In a few short weeks, my daughter will be two years old. I cannot believe that two years has come and gone. Although it is cliché, it feels like only yesterday we were bringing our little bundle home. And little she was. She was only 6 pounds when we brought her home. My how things have changed! Now, she’s a big girl. No more calling her baby.
The path to motherhood was one I never gave a lot of thought to until after I got married. Then again, I never imagined I would get married. It wasn’t so much trying to find the right guy (although there were several bad ones along the way), as trying to find a man who could put up with my craziness; someone who would be willing to have a good time with life. And boy, did I find him! Zach has taught me to suck the marrow out of the bones of life. To really relish moments, even the terrible ones. To laugh loudly and with passion about everything, no matter how inappropriate. And because I was successful in finding and marrying him, we did what most other couples do-start thinking about having a family. Two years after we were married, we had Sailor. She was, and still is, the best thing that has ever happened to us as a couple.

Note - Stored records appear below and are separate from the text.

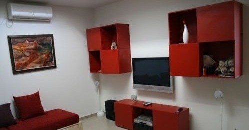 客廳電視背景墻:電視機兩端是方形掛壁式收納柜,有無柜門以對角為劃分,組合單元的紅色與紅色沙發(fā)相映成趣,轉增個客廳顯得十分喜慶。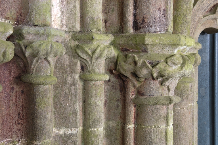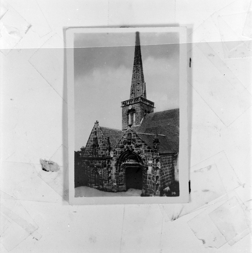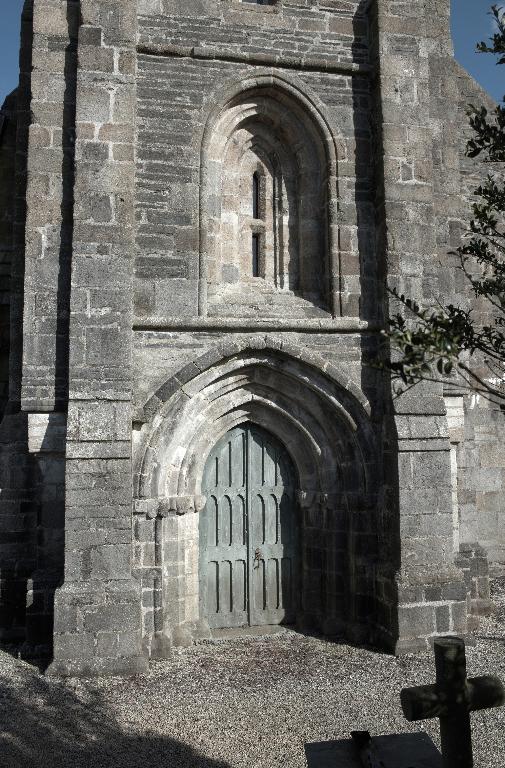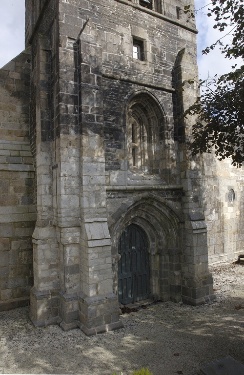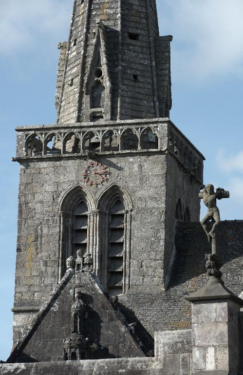La tour-porche La tour-porche, qui présente encore quelques caractères du gothique du XIIIe siècle, fut probablement construite au début du XIVe siècle. Son portail ouest, en tiers-point et sans tympan, présente des voussoirs alternés à cavets, larges redents et tores qui semblent effectivement plutôt se rattacher au XIVe siècle, surtout si on le compare au portail percé au pied de la tour sud de la cathédrale de Saint-Pol qui, avec ses bases à galettes et ses chapiteaux à crochets, est bien du XIIIe siècle. Les étonnantes têtes qui remplacent les chapiteaux rappellent des formes beaucoup plus anciennes empruntées à l’époque romane et font peut-être référence à l’édifice antérieur devant lequel on vint plaquer cette tour. Le reste de l’élévation est homogène. Au-dessus du portail, une baie unique, étroite mais largement ébrasée, éclaire l’intérieur du porche et, très indirectement, la nef à travers l’arcade d’entrée, beaucoup plus haute que la porte ouest. Ce principe, qui sera repris dans de nombreuses églises bretonnes des XVe et XVIe siècles, est ici employé à une date précoce. Au-dessus, un étage intermédiaire éclairé sur ses quatre faces par quatre petites baies simplement chanfreinées, devait correspondre à celui du sonneur de cloches, la petite baie murée actuellement du côté de la nef lui permettant de suivre les offices. Au-dessus, la chambre des cloches est ouverte sur ses quatre faces par des baies géminées à colonnettes et redents à minces chanfreins. Le peu d’évasement de leurs chapiteaux, au demeurant frustes et usés, ainsi que la présence de réglets sur les colonnettes situent cet étage, ainsi que la balustrade de couronnement et la flèche vers la fin du XIVe ou le début du XVe siècle. Enfin la flèche unique, simplement posée sur la plate-forme sommitale sans être cantonnée de clochetons, rappelle, beaucoup plus que les flèches des tours de la cathédrale de Saint-Pol-de-Léon, celles du Trégor. Cette tour-porche devait ouvrir sur une nef sensiblement plus étroite et plus basse que l’actuelle, peut-être l’ancienne chapelle romane sur laquelle on ne sait rien, comme l’indiquent les deux fenêtres de la face est de la tour, occultées aux deux tiers par le toit de la nef.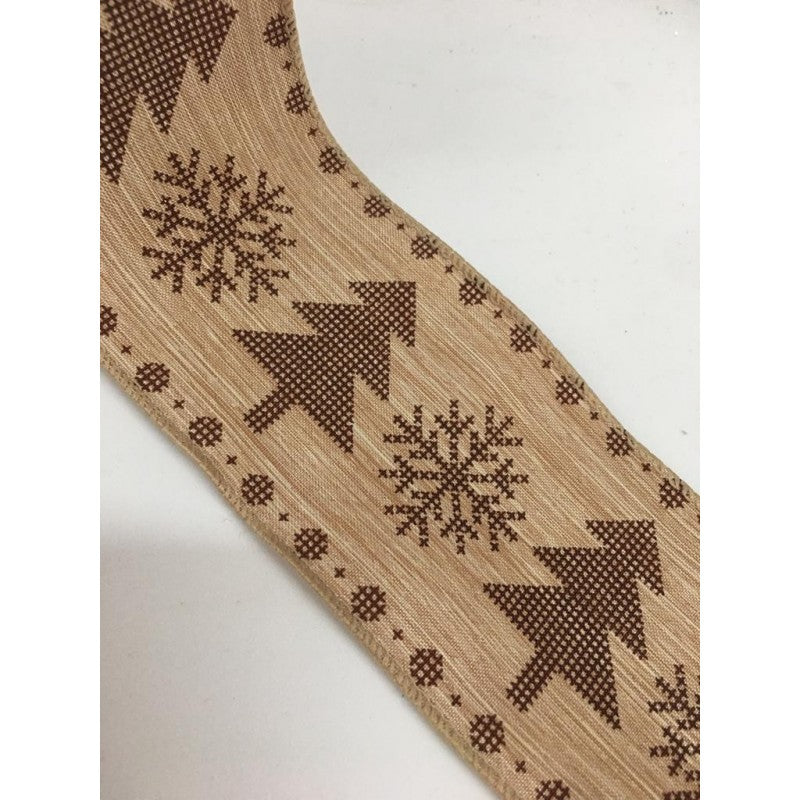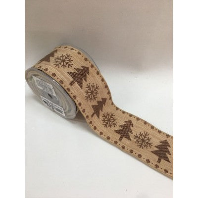 nastro natalizio, decorato con abeti e fiocchi di neve, dai colori bruni, renderà il tuo pacco regalo ancora più speciale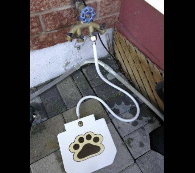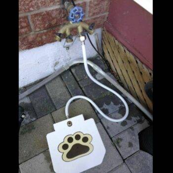 When you buy our dog water fountain, it comes with a two-way splitter attachment for your water valve, letting you use your normal garden hose and Automatic Outdoor Dog Water Fountain at the same time. A pressure adjustment valve on each split allows you to control flow and pressure to train your pooch into using the fountain.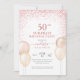 Rosa Kalligraphie Glitzer Balloons Elegant Moderne Überraschung 50. Geburtstag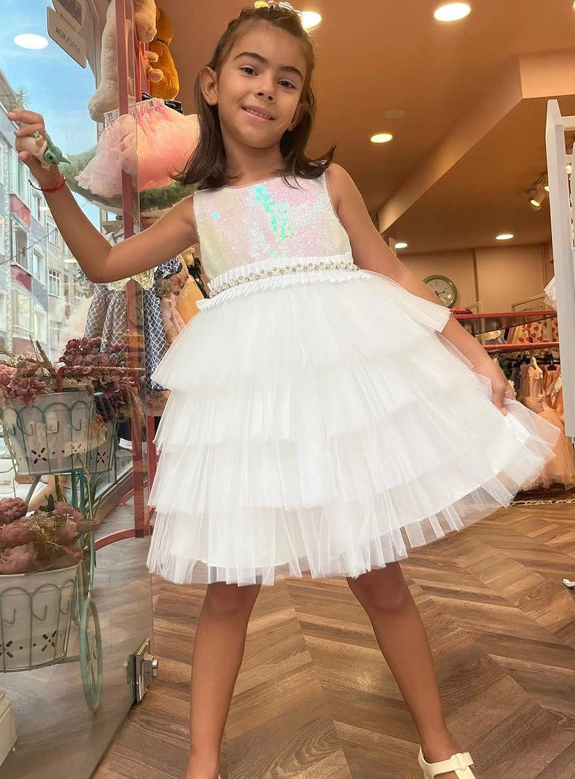 WHITE TULLE SPECIAL OCCASION DRESS WITH SEQUIN DETAIL AND PEARL BELT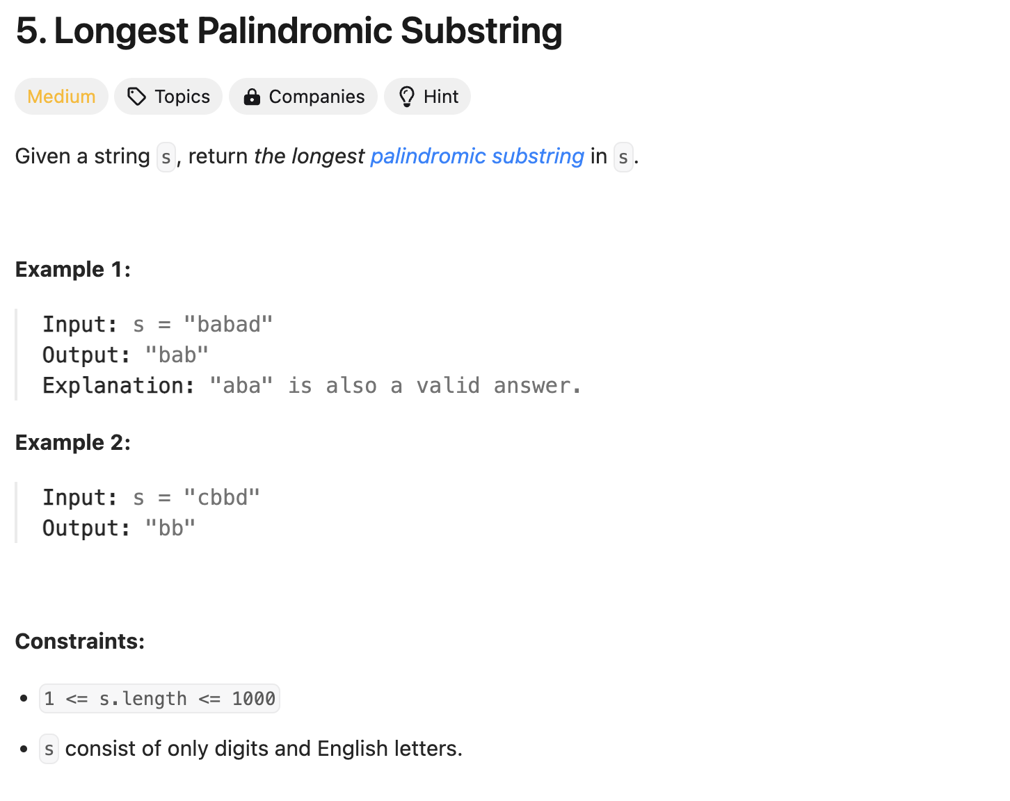 Leet code (Medium): 5. Longest Palindromic Substring (중심확장법)- Java 본문

As I said before, I hadn’t thought much about motherhood, including what type of mother I wanted to be. As a pregnant lady, I was miserable. Pregnancy does not suit me. It made me feel too full to bursting, nauseous, and terribly ugly. I don’t think I have ever despised myself more than when I was pregnant. Add to that being in my final semester of college, as well as my mother being diagnosed with breast cancer and you can probably deduce just how fantastic I thought pregnancy was. I was nervous, constantly consumed with what was going wrong within my body or what would go wrong once the baby was born. And then the day arrived. I was induced, and three hours later, I was holding the most beautiful baby girl there ever was (funny how all parents feel that way). And that is where the real adventure began.
I have never been a baby person. I didn’t babysit as an adolescent. Although I had changed many adult diapers, I had successfully maneuvered through 27 years of my life without having to change a baby’s diaper. I had never fed a baby. All I could think was, “what have I gotten myself into?”. Turns out, I wasn’t so terrible after all.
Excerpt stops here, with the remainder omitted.